Especially through his work in the jazz Avantgarde of the former Soviet Union
Anatoly Vapirov (24. November 1947) is known to friends of improvising music. He
was the leading saxophonist and one of the most important composers of
Leningrad's contemporary jazz scene.
Due to family reasons - his father and his wife are Bulgarian- in 1985 he
moved to Varna in Bulgaria. Since 1992 he has been leading the Varna jazz
Festival, which presented a sophisticated program and became an important axis
for encounter between jazz musicians from East and West Europe . "In the
beginning I was inviting musicians, because I wanted to play with them myself,"
says Anatoly. "Meanwhile some kind of musical workshop has developed; a
laboratory, where musicians from East and West can meet."
In 1974 - still in Soviet times - with the "Bulgarian Rondo" for saxophone
and orchestra Vapirov already referred to his Bulgarian roots. As early as the
mid-seventies and in opposition to many free-jazz-hardliners, Vapirov included
the entire range of classical music, chamber-music, jazz and folklore within his
expressive style.
He composed a Concerto for a jazz quartett, mezzosoprano and choir ("Slav
Mystery," 1977) as well as a piece for bass, piano, saxophone and string
quartett, that reflects the music of Alban Berg ("Lines of Destiny," 1980). His
borderline frankness would expose itself likewise in projects with symphony
orchestras and Sibirian folklore ensembles.
In the "Fairy Tale Trio" Anatoly plays the soprano saxophone exclusively. The
musician, who is also known as a brilliant clarinettist and tenor saxophone
player, doesn't blow his trio collegues off the stage. The sound of the soprano
saxophone merges most sufficiently with Spassov's kaval.
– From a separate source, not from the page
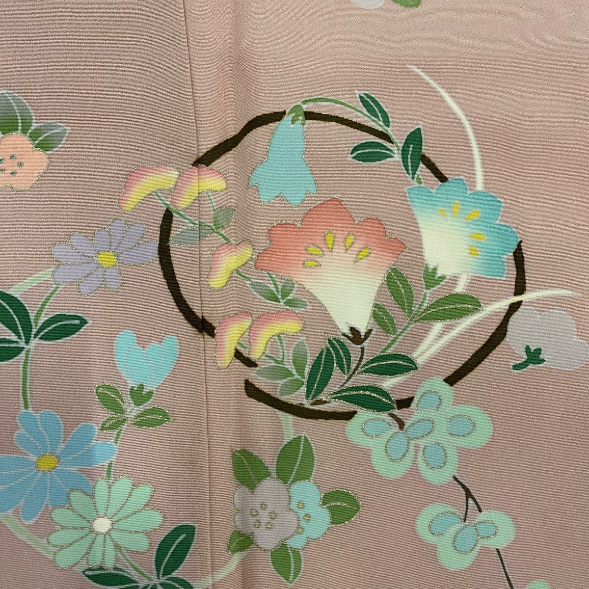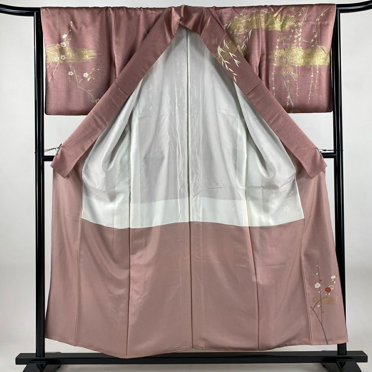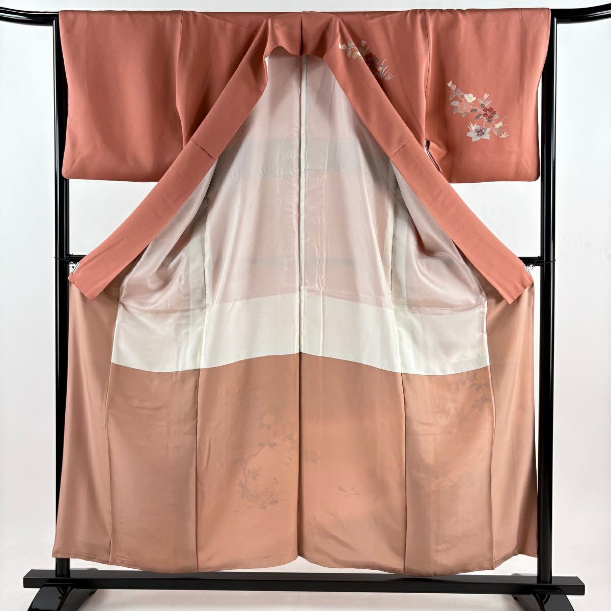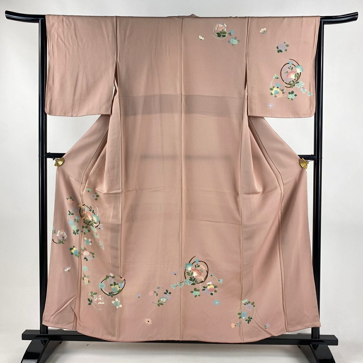 【在庫一掃】 訪問着 身丈156cm 裄丈64cm M 袷 草花 流水 金彩 ぼかし ピンク 正絹 秀品

"I have grown older and maybe a little wiser," he explains. "Good music doesn't
come out of unrestricted strenghth and expressivity only, but also out of deep
probing."
At the end of our conversation I asked him: "You are driving your car and you
pass two hitch-hikers. One of them is John Coltrane and the other is Albert
Ayler. But you've got only one seat. Which one do you pick up?" Vapirov: "This
seat is already taken. Since 1967. By John Coltrane."